___ THE DATA ___

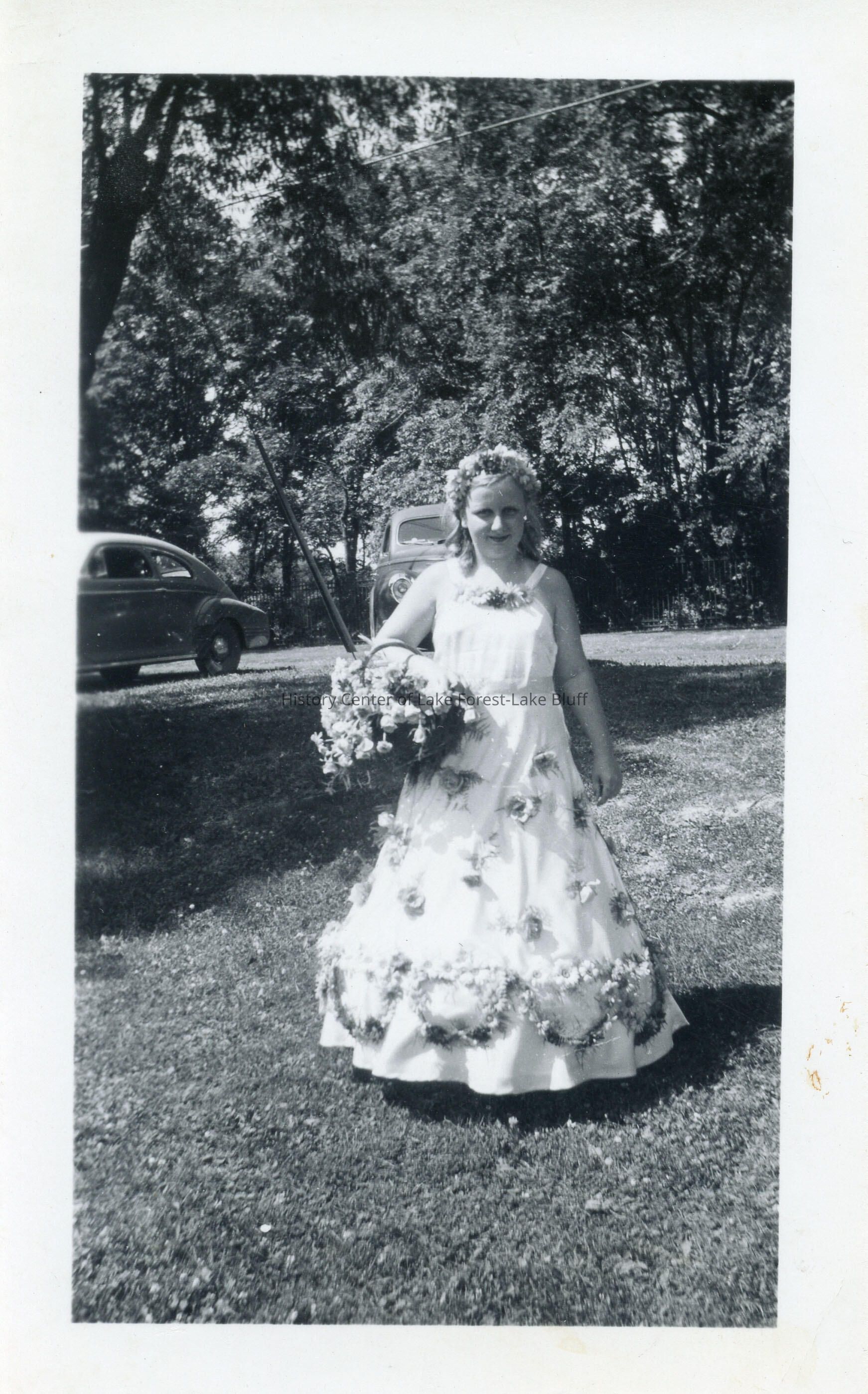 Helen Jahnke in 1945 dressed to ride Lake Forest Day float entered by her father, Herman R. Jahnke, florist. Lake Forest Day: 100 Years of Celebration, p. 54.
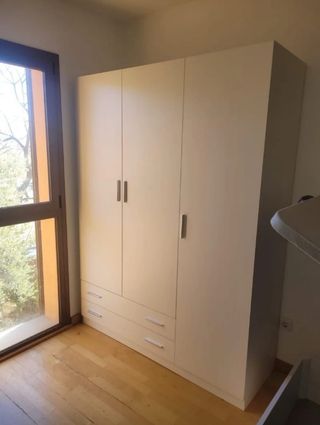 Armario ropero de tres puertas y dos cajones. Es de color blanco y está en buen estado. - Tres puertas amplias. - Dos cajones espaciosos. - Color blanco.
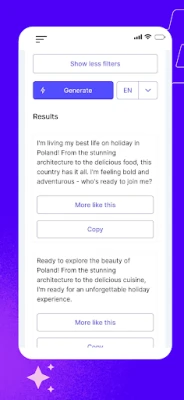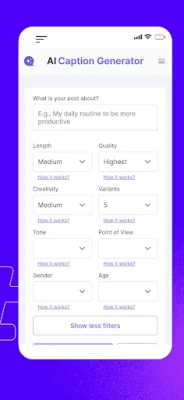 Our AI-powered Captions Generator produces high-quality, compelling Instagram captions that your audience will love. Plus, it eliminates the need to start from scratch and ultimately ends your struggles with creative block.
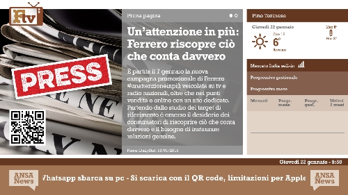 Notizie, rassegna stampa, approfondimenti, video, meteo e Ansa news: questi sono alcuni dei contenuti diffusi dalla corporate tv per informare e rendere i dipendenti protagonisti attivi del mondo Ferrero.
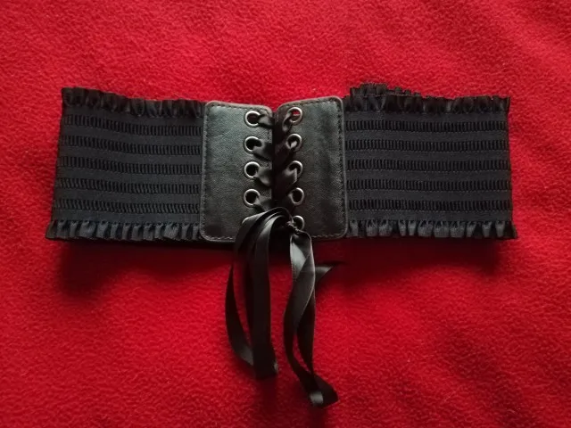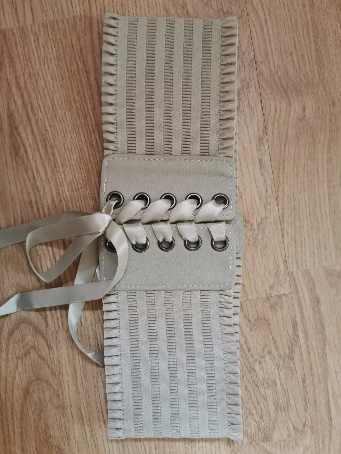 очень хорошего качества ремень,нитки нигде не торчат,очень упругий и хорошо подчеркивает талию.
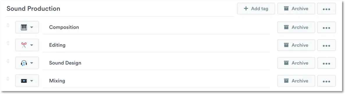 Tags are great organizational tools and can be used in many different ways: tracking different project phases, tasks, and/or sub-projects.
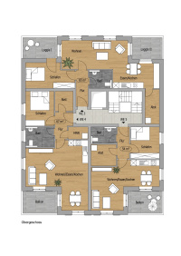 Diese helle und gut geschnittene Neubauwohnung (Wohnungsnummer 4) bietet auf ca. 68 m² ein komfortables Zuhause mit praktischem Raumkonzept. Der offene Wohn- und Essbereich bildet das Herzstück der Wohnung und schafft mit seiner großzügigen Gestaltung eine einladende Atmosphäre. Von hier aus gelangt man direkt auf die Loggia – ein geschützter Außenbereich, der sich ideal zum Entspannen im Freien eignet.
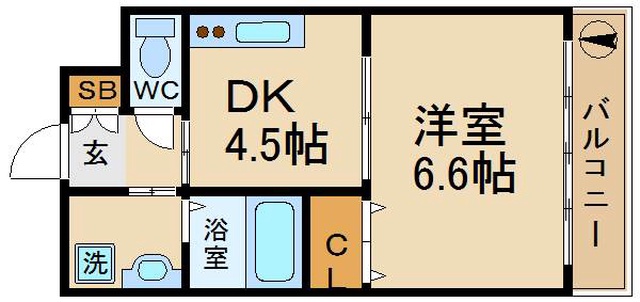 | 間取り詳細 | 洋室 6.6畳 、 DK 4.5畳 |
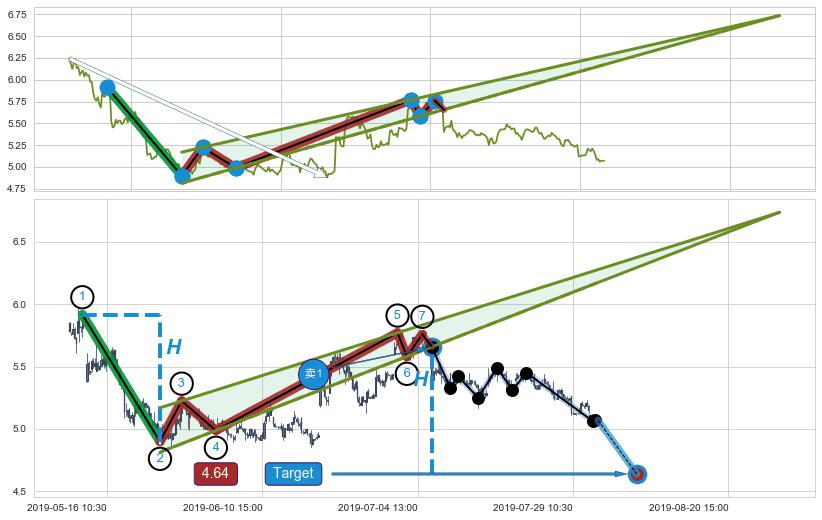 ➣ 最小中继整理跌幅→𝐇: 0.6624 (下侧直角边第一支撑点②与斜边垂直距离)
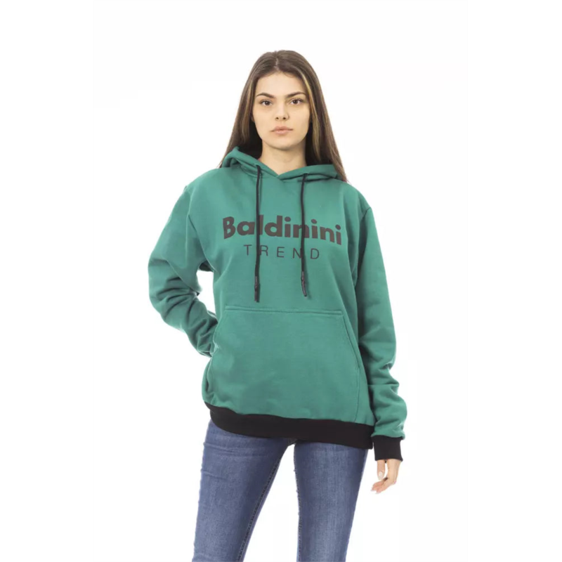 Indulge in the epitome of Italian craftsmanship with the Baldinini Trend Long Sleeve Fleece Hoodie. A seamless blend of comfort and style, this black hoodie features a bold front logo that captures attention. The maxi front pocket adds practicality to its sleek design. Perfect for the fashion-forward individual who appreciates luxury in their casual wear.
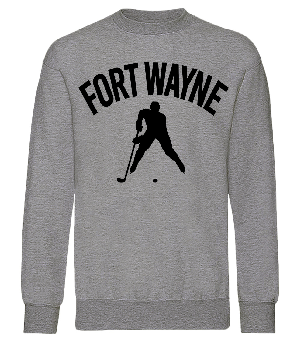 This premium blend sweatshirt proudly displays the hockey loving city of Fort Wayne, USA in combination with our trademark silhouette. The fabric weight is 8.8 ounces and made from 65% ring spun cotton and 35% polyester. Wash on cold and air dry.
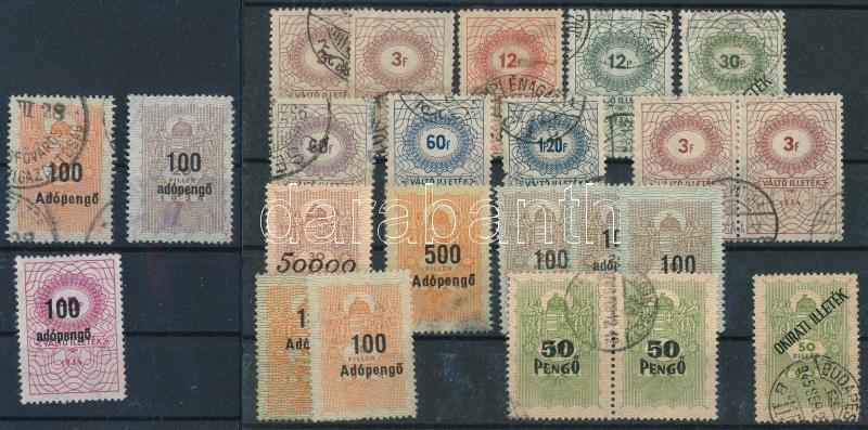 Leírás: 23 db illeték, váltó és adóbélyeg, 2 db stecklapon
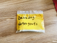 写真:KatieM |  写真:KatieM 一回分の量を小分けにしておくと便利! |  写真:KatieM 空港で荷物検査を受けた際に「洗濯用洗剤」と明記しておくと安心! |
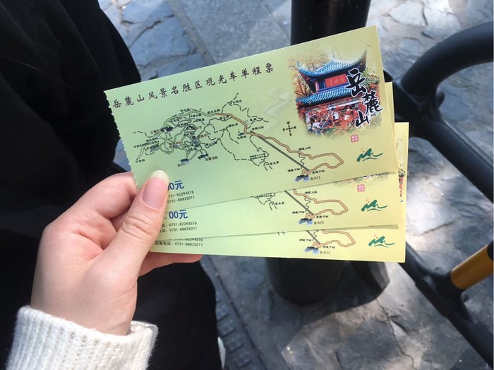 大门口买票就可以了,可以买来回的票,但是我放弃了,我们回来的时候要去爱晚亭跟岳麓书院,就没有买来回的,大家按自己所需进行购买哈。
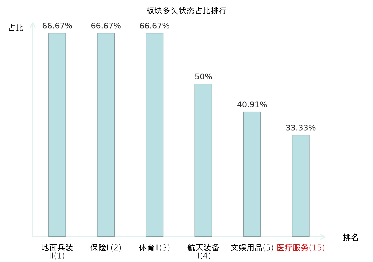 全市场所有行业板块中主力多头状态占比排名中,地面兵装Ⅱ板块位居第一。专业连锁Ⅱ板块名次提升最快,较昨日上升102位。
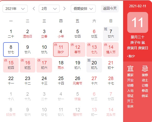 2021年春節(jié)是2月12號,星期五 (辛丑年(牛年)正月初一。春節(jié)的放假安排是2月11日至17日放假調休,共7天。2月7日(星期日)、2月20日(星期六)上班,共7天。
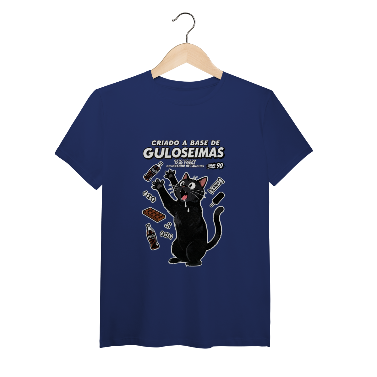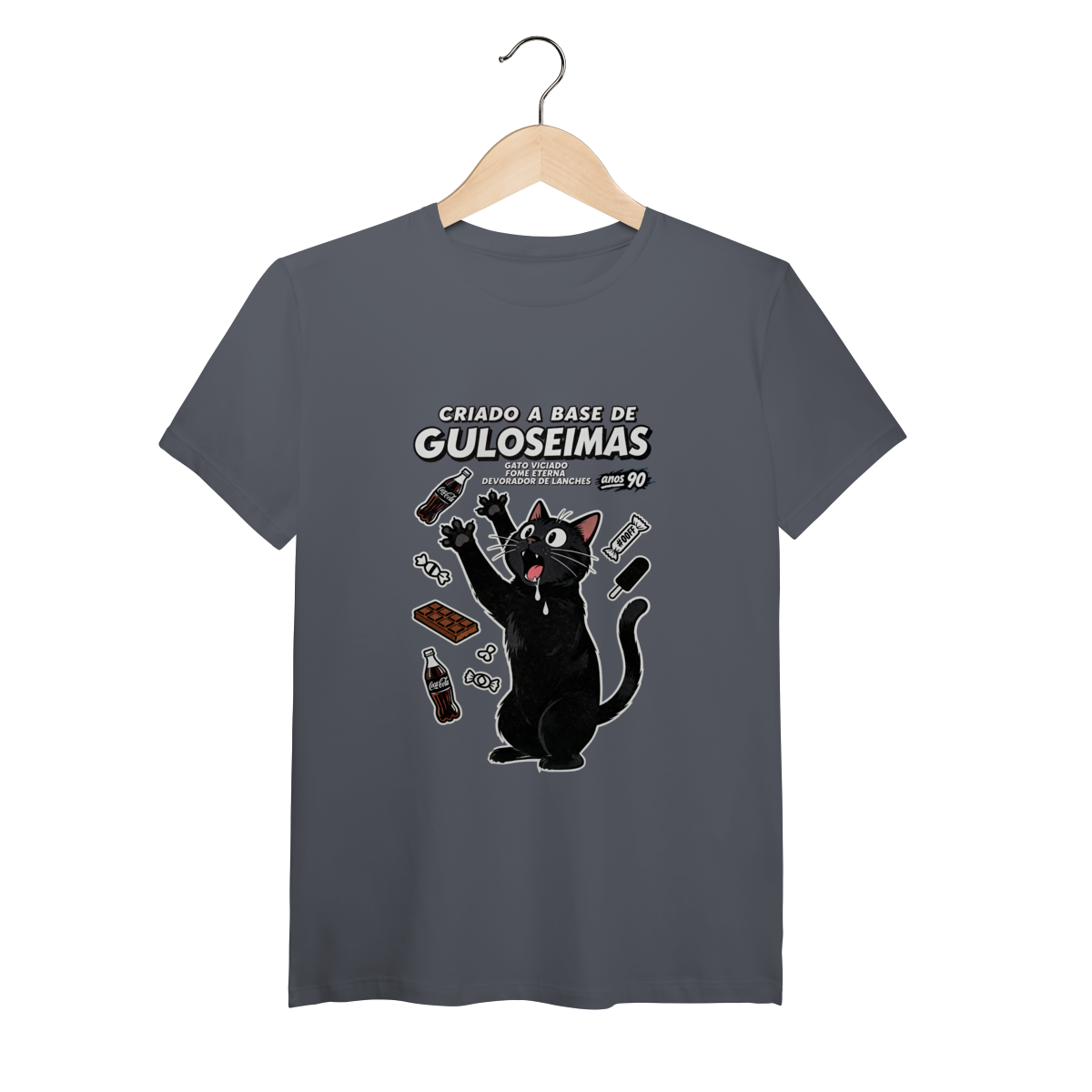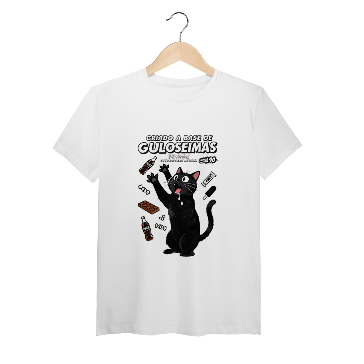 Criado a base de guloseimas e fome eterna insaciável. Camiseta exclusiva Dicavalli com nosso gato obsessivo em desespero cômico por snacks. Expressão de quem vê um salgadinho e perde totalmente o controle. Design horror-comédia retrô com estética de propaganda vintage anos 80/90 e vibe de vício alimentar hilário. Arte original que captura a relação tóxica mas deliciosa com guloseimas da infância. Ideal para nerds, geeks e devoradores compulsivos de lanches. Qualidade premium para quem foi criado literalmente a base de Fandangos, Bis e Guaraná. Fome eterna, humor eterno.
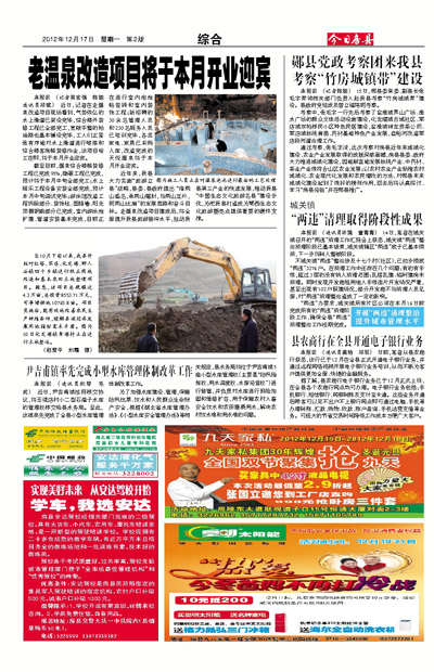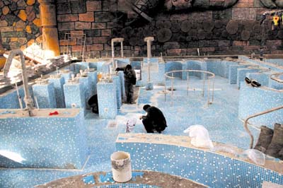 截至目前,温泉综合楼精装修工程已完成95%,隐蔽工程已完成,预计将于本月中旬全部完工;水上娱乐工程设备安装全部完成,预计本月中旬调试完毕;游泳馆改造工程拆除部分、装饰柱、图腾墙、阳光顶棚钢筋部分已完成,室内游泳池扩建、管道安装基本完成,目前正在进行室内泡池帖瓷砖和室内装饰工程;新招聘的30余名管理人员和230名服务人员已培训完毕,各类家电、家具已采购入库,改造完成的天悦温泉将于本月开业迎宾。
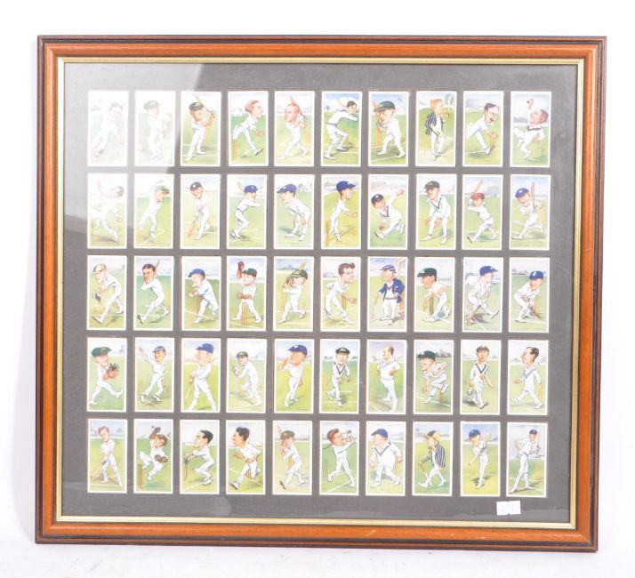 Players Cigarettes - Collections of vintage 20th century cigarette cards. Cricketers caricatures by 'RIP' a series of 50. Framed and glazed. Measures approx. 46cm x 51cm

___

● YOUR TASK: Write out the lines beginning at the line with "最小中继整理跌幅→𝐇: 0.6624 (下侧直角边第一支撑点②与斜边垂直距离)" and ending at the last line of the entries. Include no pictures.

● EXERCISE SOLUTION:
 ➣ 最小中继整理跌幅→𝐇: 0.6624 (下侧直角边第一支撑点②与斜边垂直距离)
 Indulge in the epitome of Italian craftsmanship with the Baldinini Trend Long Sleeve Fleece Hoodie. A seamless blend of comfort and style, this black hoodie features a bold front logo that captures attention. The maxi front pocket adds practicality to its sleek design. Perfect for the fashion-forward individual who appreciates luxury in their casual wear.
 This premium blend sweatshirt proudly displays the hockey loving city of Fort Wayne, USA in combination with our trademark silhouette. The fabric weight is 8.8 ounces and made from 65% ring spun cotton and 35% polyester. Wash on cold and air dry.
 Leírás: 23 db illeték, váltó és adóbélyeg, 2 db stecklapon
 写真:KatieM |  写真:KatieM 一回分の量を小分けにしておくと便利! |  写真:KatieM 空港で荷物検査を受けた際に「洗濯用洗剤」と明記しておくと安心! |
 大门口买票就可以了,可以买来回的票,但是我放弃了,我们回来的时候要去爱晚亭跟岳麓书院,就没有买来回的,大家按自己所需进行购买哈。
 全市场所有行业板块中主力多头状态占比排名中,地面兵装Ⅱ板块位居第一。专业连锁Ⅱ板块名次提升最快,较昨日上升102位。
 2021年春節(jié)是2月12號,星期五 (辛丑年(牛年)正月初一。春節(jié)的放假安排是2月11日至17日放假調休,共7天。2月7日(星期日)、2月20日(星期六)上班,共7天。
 Criado a base de guloseimas e fome eterna insaciável. Camiseta exclusiva Dicavalli com nosso gato obsessivo em desespero cômico por snacks. Expressão de quem vê um salgadinho e perde totalmente o controle. Design horror-comédia retrô com estética de propaganda vintage anos 80/90 e vibe de vício alimentar hilário. Arte original que captura a relação tóxica mas deliciosa com guloseimas da infância. Ideal para nerds, geeks e devoradores compulsivos de lanches. Qualidade premium para quem foi criado literalmente a base de Fandangos, Bis e Guaraná. Fome eterna, humor eterno.
 截至目前,温泉综合楼精装修工程已完成95%,隐蔽工程已完成,预计将于本月中旬全部完工;水上娱乐工程设备安装全部完成,预计本月中旬调试完毕;游泳馆改造工程拆除部分、装饰柱、图腾墙、阳光顶棚钢筋部分已完成,室内游泳池扩建、管道安装基本完成,目前正在进行室内泡池帖瓷砖和室内装饰工程;新招聘的30余名管理人员和230名服务人员已培训完毕,各类家电、家具已采购入库,改造完成的天悦温泉将于本月开业迎宾。
 Players Cigarettes - Collections of vintage 20th century cigarette cards. Cricketers caricatures by 'RIP' a series of 50. Framed and glazed. Measures approx. 46cm x 51cm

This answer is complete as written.